» What is needed
Restate word for word the lines below that run from the one holding "The Restraints Control" through the one holding "デニムのオシャレさと、レギンスの快適さを兼ね備えた、新しい形のボトムス。", inclusive. Pictures don't belong in the copy.

» Supplied information
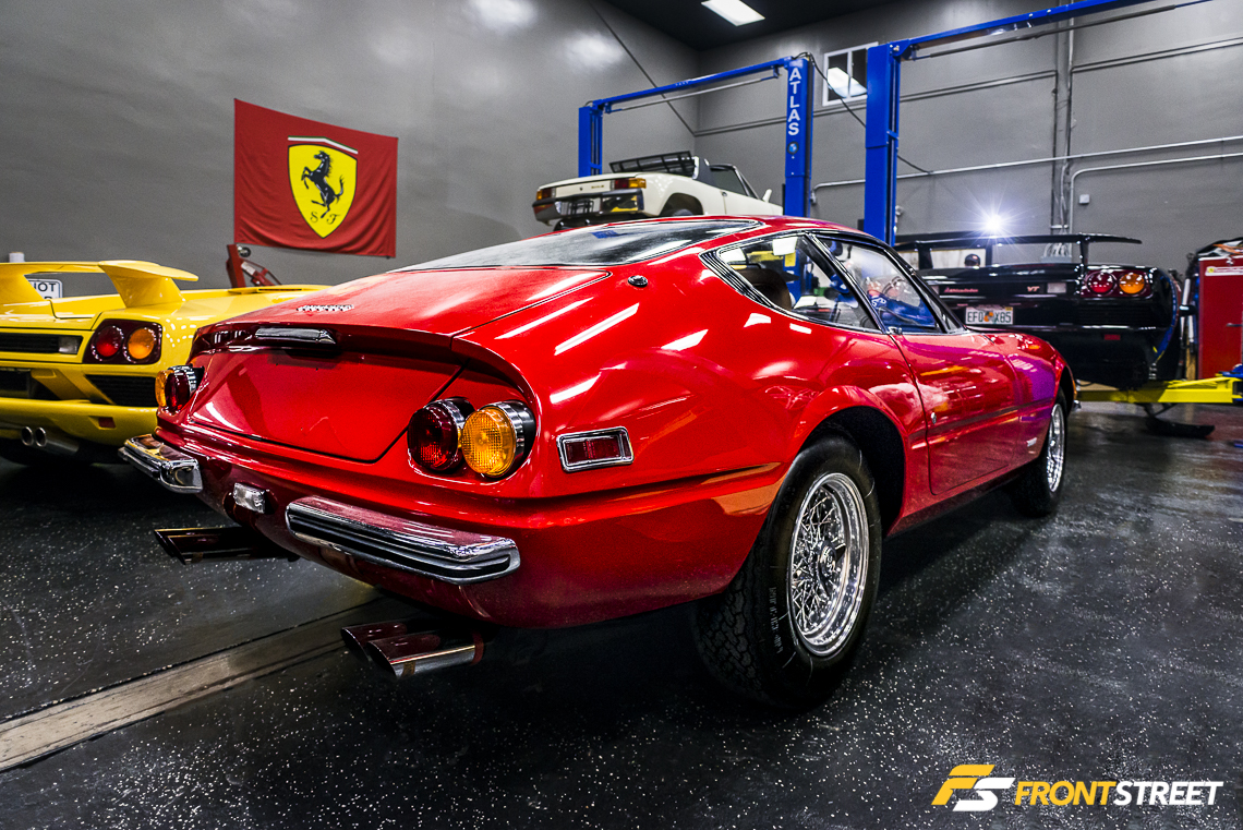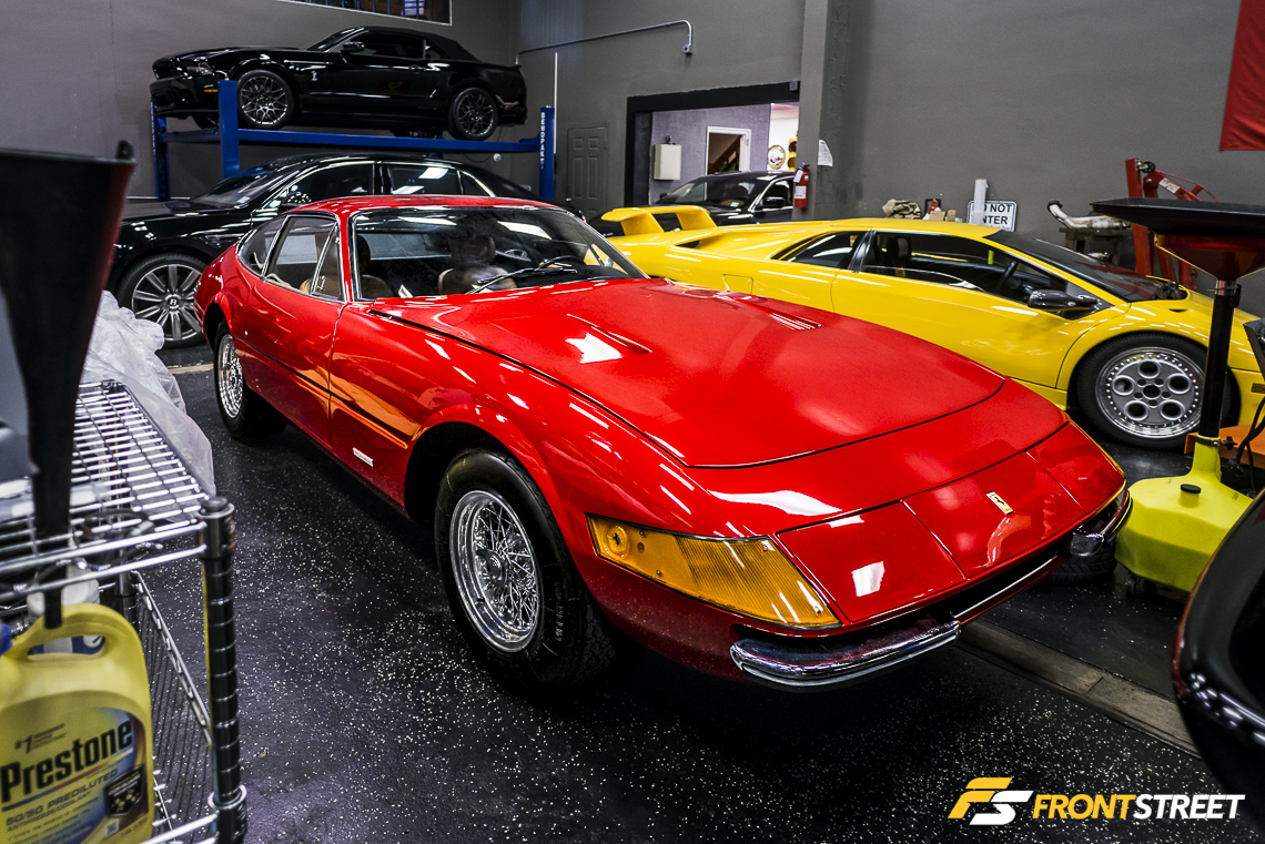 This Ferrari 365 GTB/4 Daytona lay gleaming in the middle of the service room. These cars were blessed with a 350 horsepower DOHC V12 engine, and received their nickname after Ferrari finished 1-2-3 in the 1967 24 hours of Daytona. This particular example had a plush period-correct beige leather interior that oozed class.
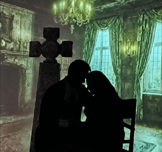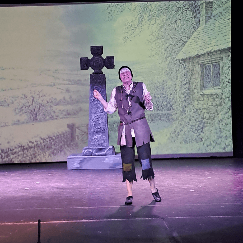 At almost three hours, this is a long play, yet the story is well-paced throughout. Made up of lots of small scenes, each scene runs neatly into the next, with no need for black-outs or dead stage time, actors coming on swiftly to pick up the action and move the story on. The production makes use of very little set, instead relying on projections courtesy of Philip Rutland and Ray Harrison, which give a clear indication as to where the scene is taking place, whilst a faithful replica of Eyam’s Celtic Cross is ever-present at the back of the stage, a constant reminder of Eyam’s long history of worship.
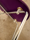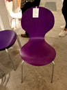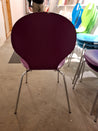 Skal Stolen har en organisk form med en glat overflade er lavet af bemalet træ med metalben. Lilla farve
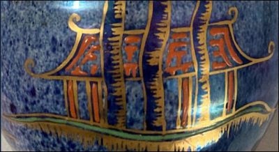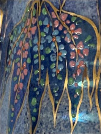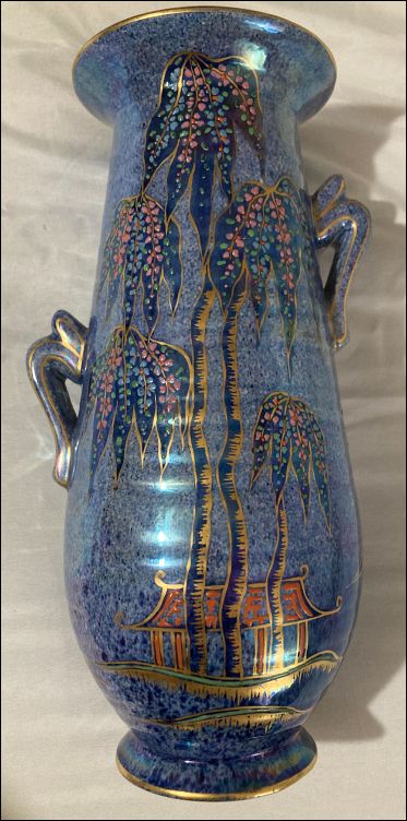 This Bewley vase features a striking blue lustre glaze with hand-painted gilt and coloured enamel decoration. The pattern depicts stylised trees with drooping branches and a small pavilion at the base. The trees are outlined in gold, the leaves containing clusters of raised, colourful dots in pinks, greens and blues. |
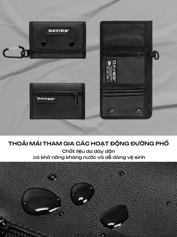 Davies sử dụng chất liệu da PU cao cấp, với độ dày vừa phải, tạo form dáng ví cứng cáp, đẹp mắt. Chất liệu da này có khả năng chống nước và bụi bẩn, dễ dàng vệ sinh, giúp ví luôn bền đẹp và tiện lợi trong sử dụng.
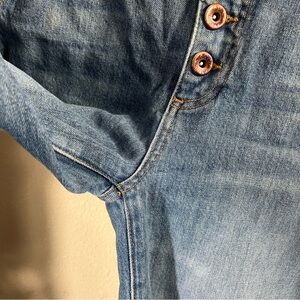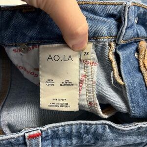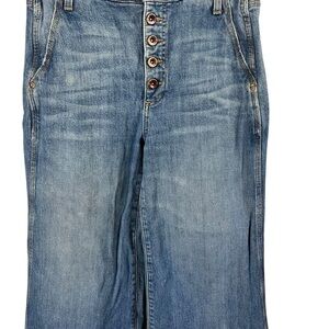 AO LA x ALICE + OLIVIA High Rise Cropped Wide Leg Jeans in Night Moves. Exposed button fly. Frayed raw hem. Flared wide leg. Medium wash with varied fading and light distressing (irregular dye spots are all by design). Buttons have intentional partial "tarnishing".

---

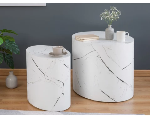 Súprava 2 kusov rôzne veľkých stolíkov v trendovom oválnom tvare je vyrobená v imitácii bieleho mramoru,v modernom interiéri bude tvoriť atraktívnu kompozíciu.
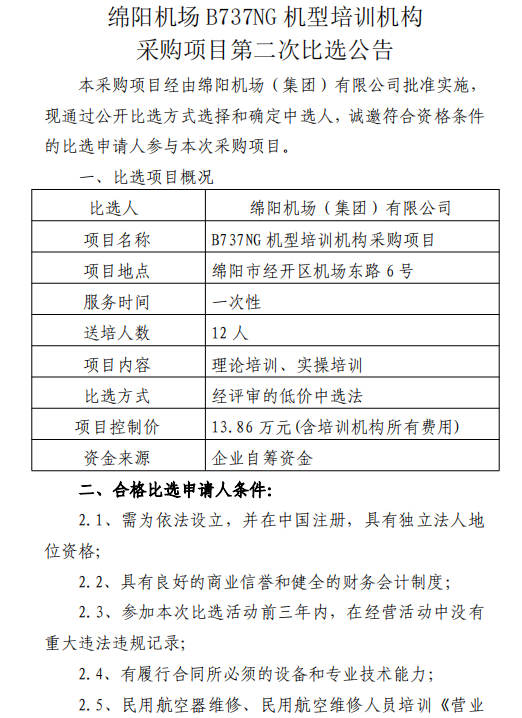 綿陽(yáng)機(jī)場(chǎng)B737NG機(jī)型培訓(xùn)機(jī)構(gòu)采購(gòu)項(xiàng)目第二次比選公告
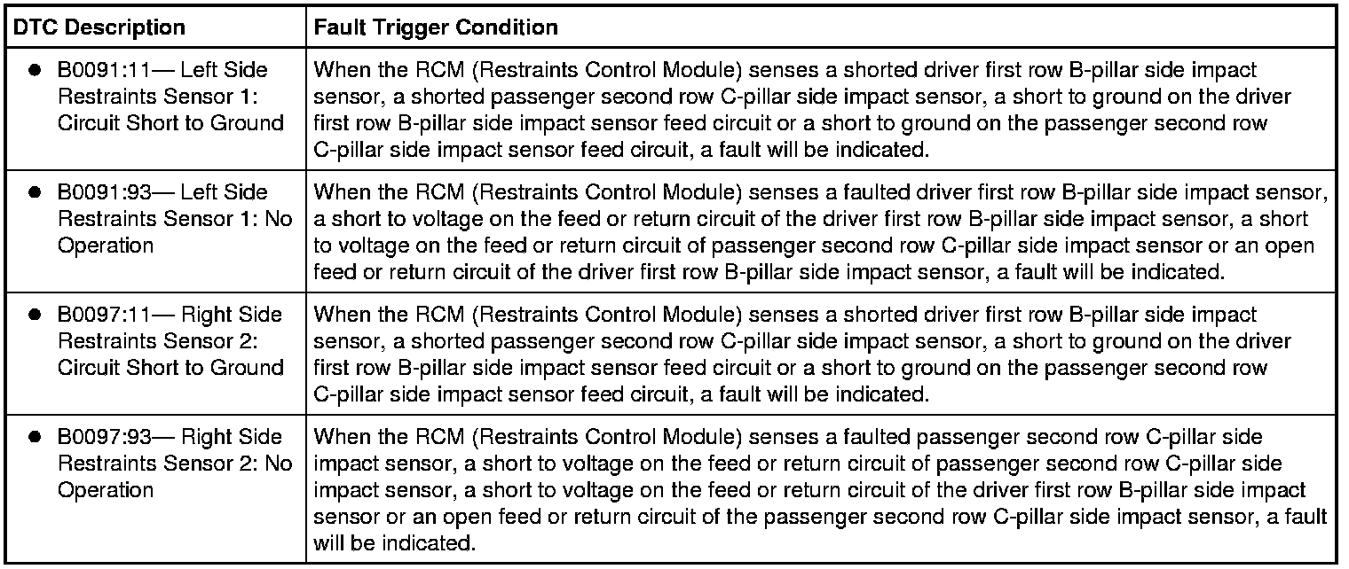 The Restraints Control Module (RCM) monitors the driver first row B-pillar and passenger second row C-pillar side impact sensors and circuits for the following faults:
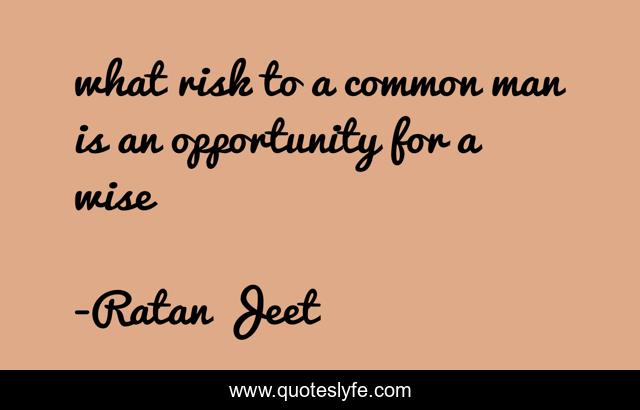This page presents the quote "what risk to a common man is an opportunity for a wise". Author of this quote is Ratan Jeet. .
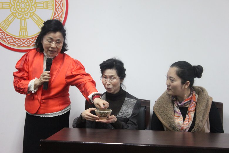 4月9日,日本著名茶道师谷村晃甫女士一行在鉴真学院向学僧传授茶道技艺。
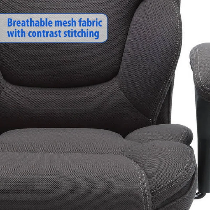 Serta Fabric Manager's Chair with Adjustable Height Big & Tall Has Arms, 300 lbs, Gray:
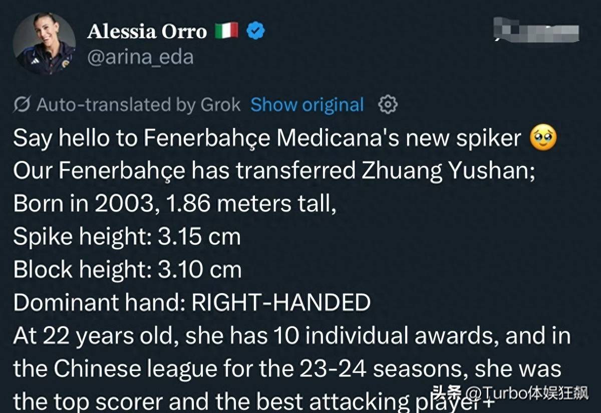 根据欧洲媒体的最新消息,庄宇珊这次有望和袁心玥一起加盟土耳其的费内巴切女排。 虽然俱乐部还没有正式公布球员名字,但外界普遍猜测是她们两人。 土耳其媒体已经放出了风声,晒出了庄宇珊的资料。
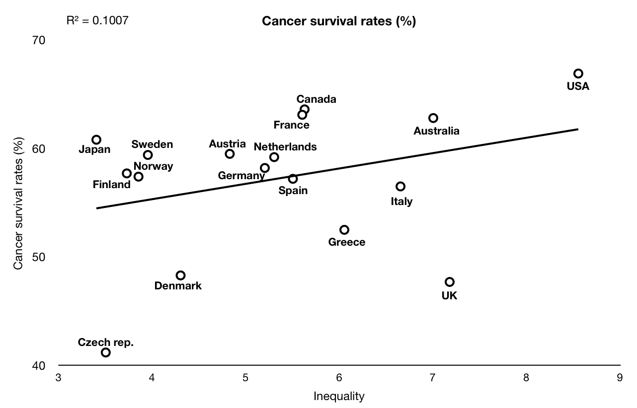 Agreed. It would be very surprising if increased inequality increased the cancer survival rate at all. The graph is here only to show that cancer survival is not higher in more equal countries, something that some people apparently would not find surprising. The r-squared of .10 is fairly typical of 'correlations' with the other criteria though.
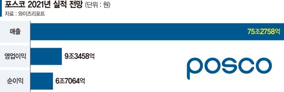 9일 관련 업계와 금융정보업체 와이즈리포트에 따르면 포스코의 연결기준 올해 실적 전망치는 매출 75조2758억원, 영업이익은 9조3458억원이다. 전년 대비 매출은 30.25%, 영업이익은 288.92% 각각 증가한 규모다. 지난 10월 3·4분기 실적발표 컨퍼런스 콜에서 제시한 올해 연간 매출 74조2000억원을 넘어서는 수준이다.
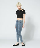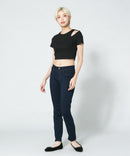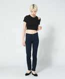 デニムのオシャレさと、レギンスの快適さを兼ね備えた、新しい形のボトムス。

--

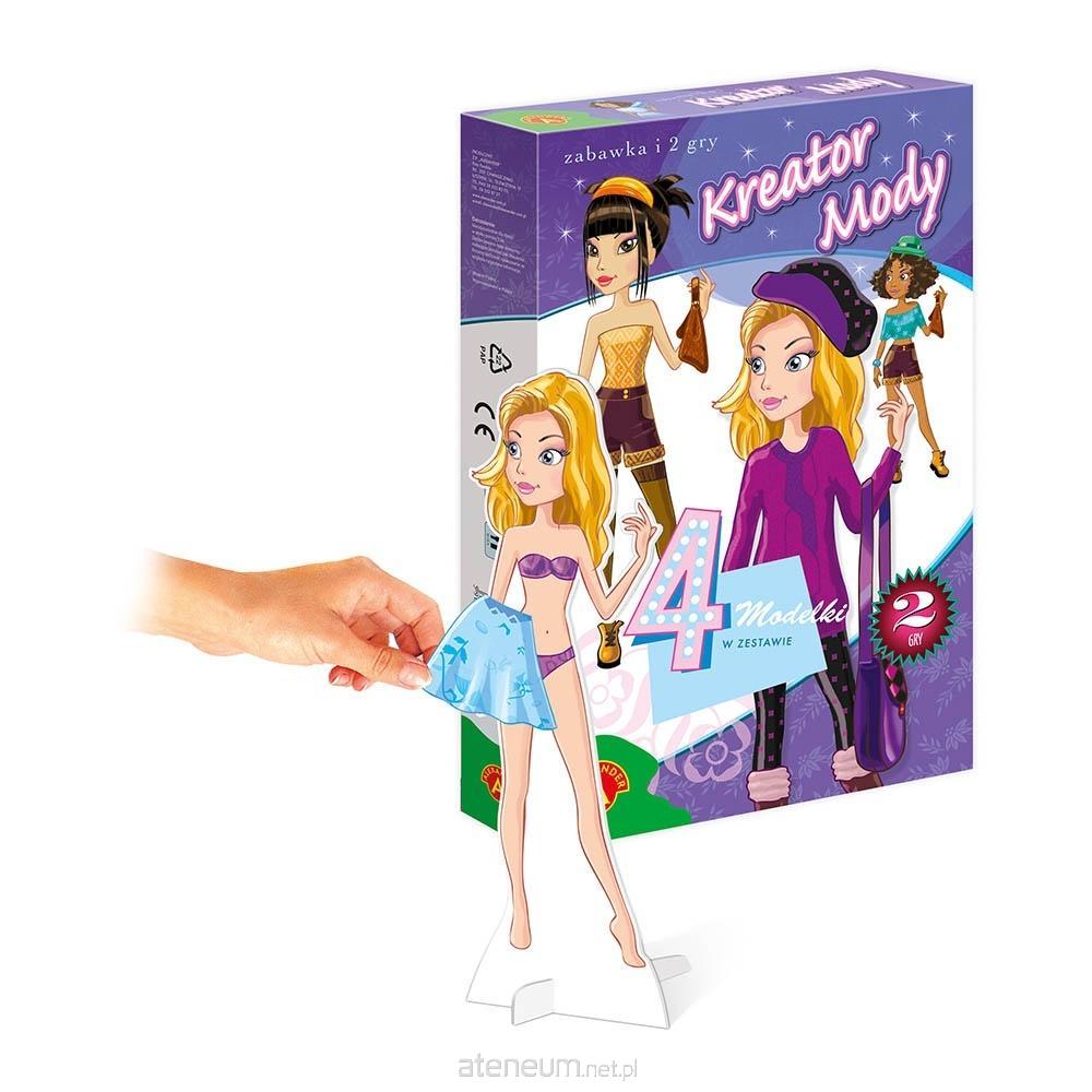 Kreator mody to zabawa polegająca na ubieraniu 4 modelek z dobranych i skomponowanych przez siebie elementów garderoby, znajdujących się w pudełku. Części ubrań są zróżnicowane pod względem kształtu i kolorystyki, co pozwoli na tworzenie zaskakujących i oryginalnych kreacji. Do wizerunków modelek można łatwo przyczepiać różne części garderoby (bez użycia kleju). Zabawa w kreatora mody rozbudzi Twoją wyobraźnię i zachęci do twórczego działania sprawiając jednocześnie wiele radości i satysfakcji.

» Finished exercise
 The Restraints Control Module (RCM) monitors the driver first row B-pillar and passenger second row C-pillar side impact sensors and circuits for the following faults:
This page presents the quote "what risk to a common man is an opportunity for a wise". Author of this quote is Ratan Jeet. .
 4月9日,日本著名茶道师谷村晃甫女士一行在鉴真学院向学僧传授茶道技艺。
 Serta Fabric Manager's Chair with Adjustable Height Big & Tall Has Arms, 300 lbs, Gray:
 根据欧洲媒体的最新消息,庄宇珊这次有望和袁心玥一起加盟土耳其的费内巴切女排。 虽然俱乐部还没有正式公布球员名字,但外界普遍猜测是她们两人。 土耳其媒体已经放出了风声,晒出了庄宇珊的资料。
 Agreed. It would be very surprising if increased inequality increased the cancer survival rate at all. The graph is here only to show that cancer survival is not higher in more equal countries, something that some people apparently would not find surprising. The r-squared of .10 is fairly typical of 'correlations' with the other criteria though.
 9일 관련 업계와 금융정보업체 와이즈리포트에 따르면 포스코의 연결기준 올해 실적 전망치는 매출 75조2758억원, 영업이익은 9조3458억원이다. 전년 대비 매출은 30.25%, 영업이익은 288.92% 각각 증가한 규모다. 지난 10월 3·4분기 실적발표 컨퍼런스 콜에서 제시한 올해 연간 매출 74조2000억원을 넘어서는 수준이다.
 デニムのオシャレさと、レギンスの快適さを兼ね備えた、新しい形のボトムス。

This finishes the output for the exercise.